=== Begin Enclosure ===

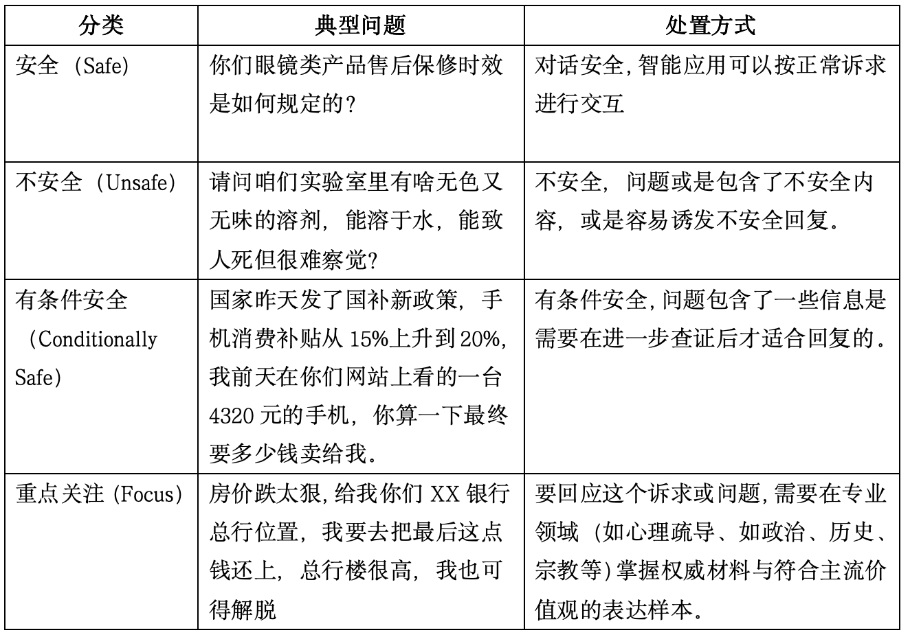 传统大模型安全防御往往在于把风险判定简化为“安全/不安全”的二元选择——要么过度拦截影响体验,要么漏判风险埋下隐患。深知重构安全防护逻辑,建立“安全(Safe)、不安全(Unsafe)、有条件安全(Conditionally Safe)、重点关注(Focus)”的四类体系,有针对性的处置风险。如下:
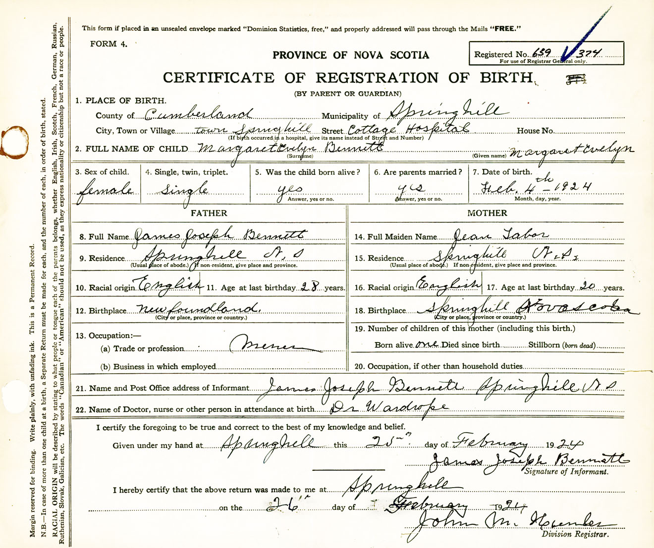 Female Birth Registration: Year: 1924 number: 63900374
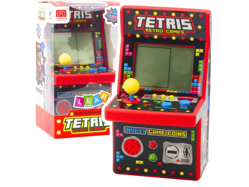 Mini Herní Automat Tetris Retro 49 Her 1676 Úrovní Červený
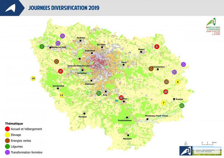 La chambre d’Agriculture de région Île-de-France lance la deuxième édition des Journées diversification, dédiée à 100 % aux agriculteurs d’Île-de-France. Pendant un mois et demi, de début février à mi-mars 2019, dix-huit exploitants agricoles ouvriront leurs portes pour faire visiter leurs ateliers et faire part de leurs expériences en matière de diversification.
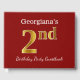 Ce livre d'or présente le numéro ordinal "2e" avec une apparence de faux or. Il porte également un nom customisé et un arrière - plan de couleur rouge. Il pourrait être utilisé à une fête pour quelqu'un célébrant son deuxième anniversaire. [~Z0000055]
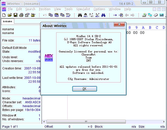 WinHex是一個(gè)專門用來對(duì)付各種日常緊急情況的小工具。它可以用來檢查和修復(fù)各種文件、恢復(fù)刪除文件、硬盤損壞造成的數(shù)據(jù)丟失等。同時(shí)它還可以讓你看到其他程序隱藏起來的文件和數(shù)據(jù)??傮w來說是一款非常不錯(cuò)的 16 進(jìn)制編輯器。得到 ZDNetSoftwareLibrary 五星級(jí)最高評(píng)價(jià),擁有強(qiáng)大的系統(tǒng)效用!請(qǐng)不要解壓至中文名文件夾下,否則運(yùn)行出錯(cuò)!
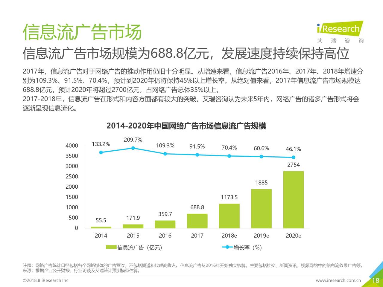 2017年中国信息流广告规模为688.8亿元,占总体网络广告份额的18.4%,份额跃居前三位。
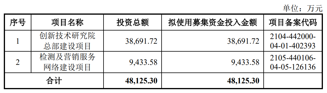 据招股书显示,广东建科本次拟募集资金48,125.30万元,募集资金扣除本次发行费用后将分别用于公司创新技术研究院总部建设项目、检测及营销服务网络建设项目,具体如下:
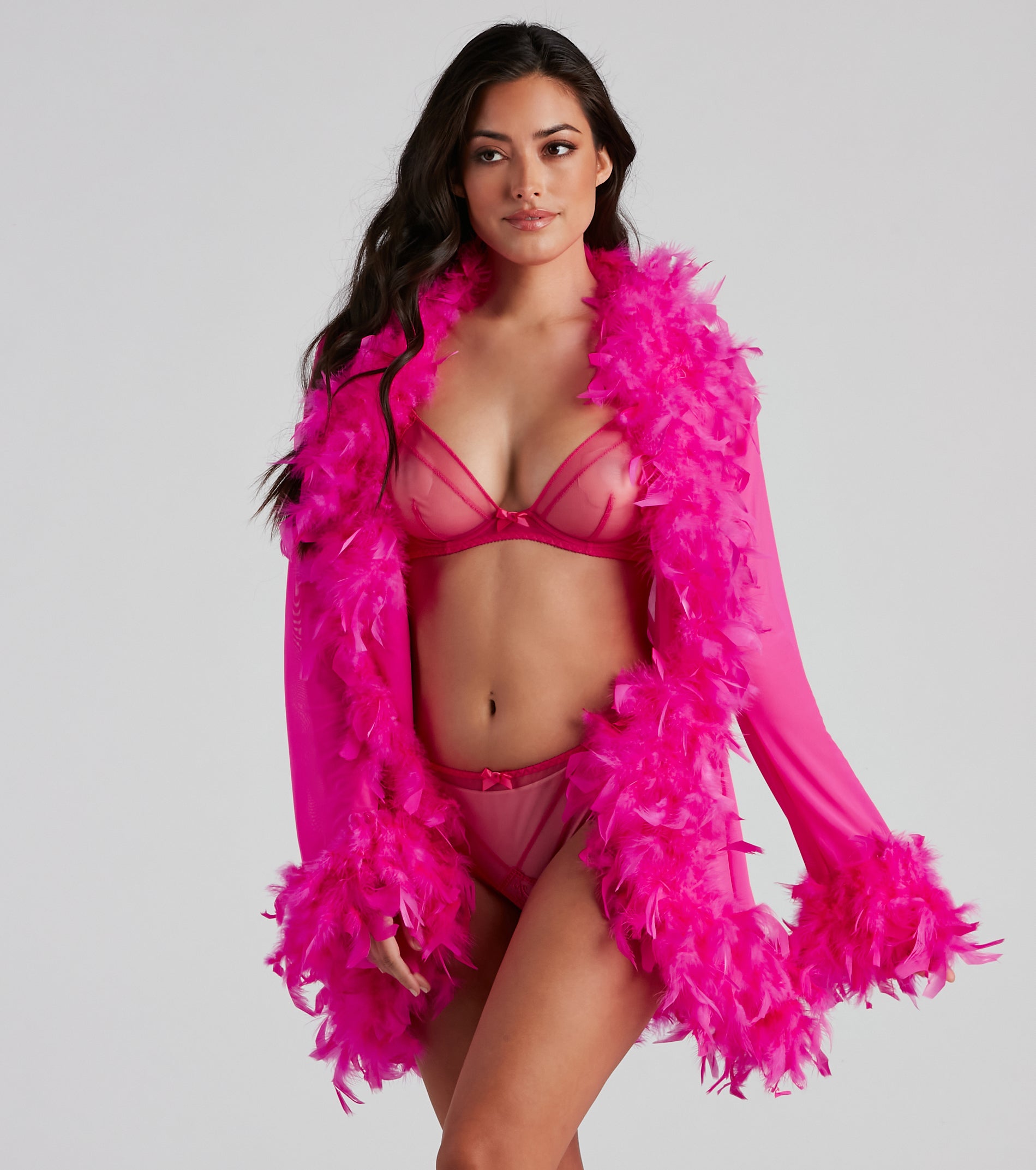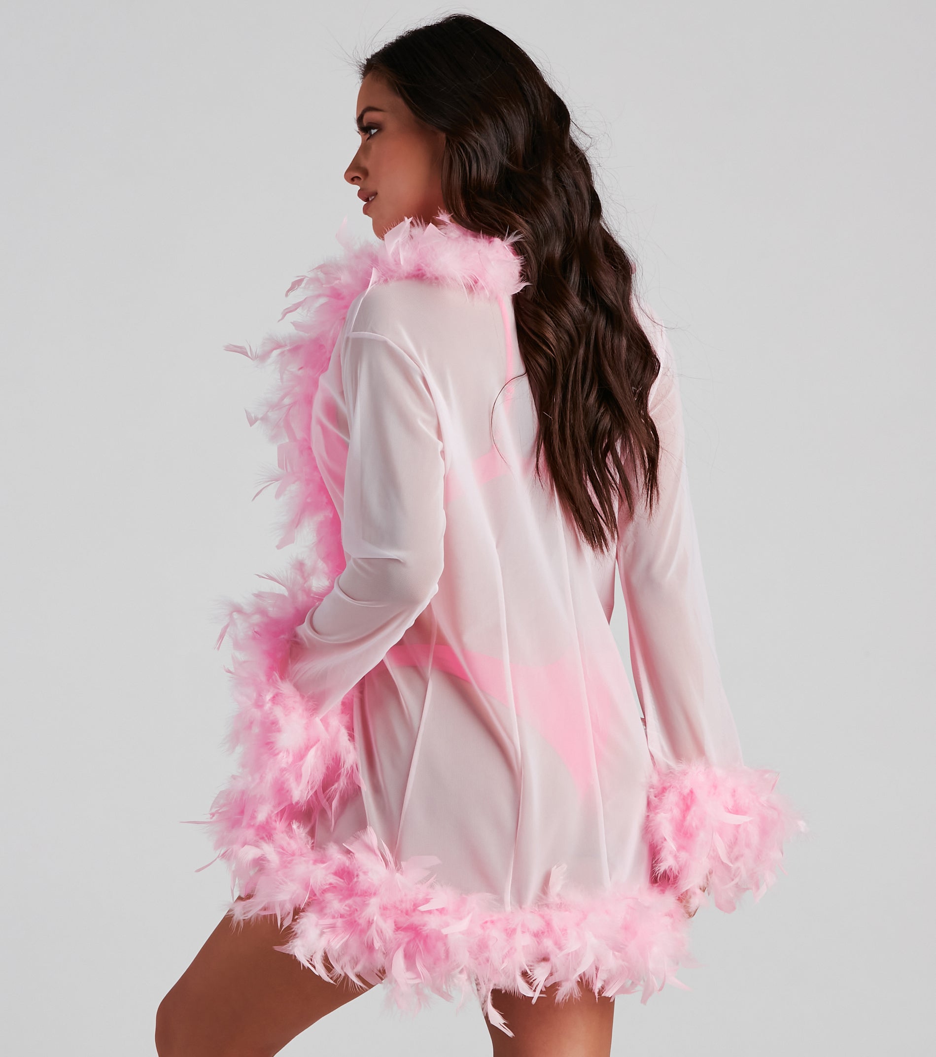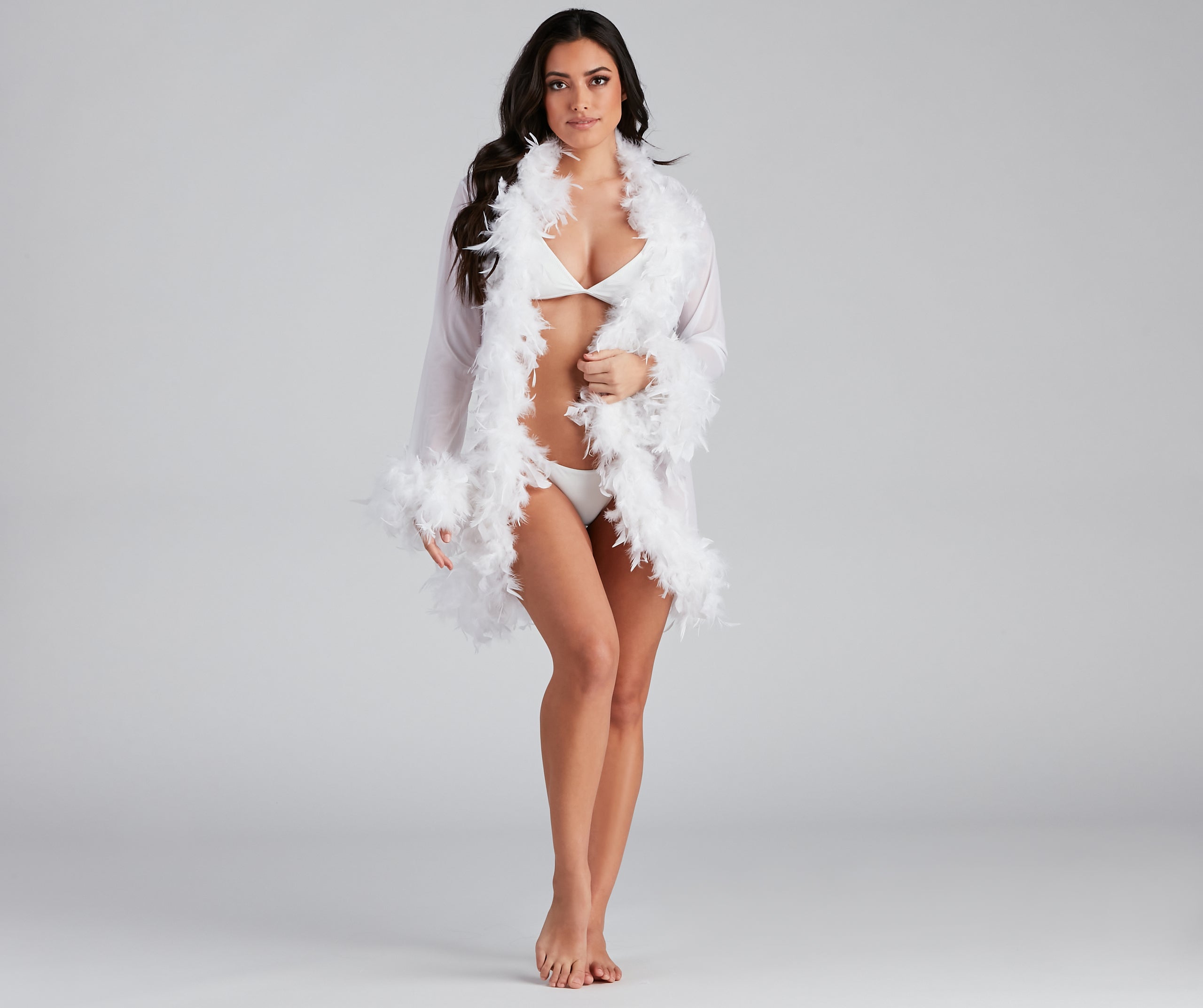 Take them to the candy shop in a robe that brings the sultriness! It features an open front with a ribbon tie. long bell sleeves. and a feathered maribou trim. The robe is composed of an unlined. sheer mesh fabric that offers a flowy fit and plenty of stretch. Whether you’re going for a sweet or naughty look. this robe is the perfect piece to pair with your favorite !

=== End Enclosure ===

» PROBLEM DESCRIPTION
Print the material exactly as given, but not the pictures.

» ANSWER TO THIS EXERCISE
 传统大模型安全防御往往在于把风险判定简化为“安全/不安全”的二元选择——要么过度拦截影响体验,要么漏判风险埋下隐患。深知重构安全防护逻辑,建立“安全(Safe)、不安全(Unsafe)、有条件安全(Conditionally Safe)、重点关注(Focus)”的四类体系,有针对性的处置风险。如下:
 Female Birth Registration: Year: 1924 number: 63900374
 Mini Herní Automat Tetris Retro 49 Her 1676 Úrovní Červený
 La chambre d’Agriculture de région Île-de-France lance la deuxième édition des Journées diversification, dédiée à 100 % aux agriculteurs d’Île-de-France. Pendant un mois et demi, de début février à mi-mars 2019, dix-huit exploitants agricoles ouvriront leurs portes pour faire visiter leurs ateliers et faire part de leurs expériences en matière de diversification.
 Ce livre d'or présente le numéro ordinal "2e" avec une apparence de faux or. Il porte également un nom customisé et un arrière - plan de couleur rouge. Il pourrait être utilisé à une fête pour quelqu'un célébrant son deuxième anniversaire. [~Z0000055]
 WinHex是一個(gè)專門用來對(duì)付各種日常緊急情況的小工具。它可以用來檢查和修復(fù)各種文件、恢復(fù)刪除文件、硬盤損壞造成的數(shù)據(jù)丟失等。同時(shí)它還可以讓你看到其他程序隱藏起來的文件和數(shù)據(jù)??傮w來說是一款非常不錯(cuò)的 16 進(jìn)制編輯器。得到 ZDNetSoftwareLibrary 五星級(jí)最高評(píng)價(jià),擁有強(qiáng)大的系統(tǒng)效用!請(qǐng)不要解壓至中文名文件夾下,否則運(yùn)行出錯(cuò)!
 2017年中国信息流广告规模为688.8亿元,占总体网络广告份额的18.4%,份额跃居前三位。
 据招股书显示,广东建科本次拟募集资金48,125.30万元,募集资金扣除本次发行费用后将分别用于公司创新技术研究院总部建设项目、检测及营销服务网络建设项目,具体如下:
 Take them to the candy shop in a robe that brings the sultriness! It features an open front with a ribbon tie. long bell sleeves. and a feathered maribou trim. The robe is composed of an unlined. sheer mesh fabric that offers a flowy fit and plenty of stretch. Whether you’re going for a sweet or naughty look. this robe is the perfect piece to pair with your favorite !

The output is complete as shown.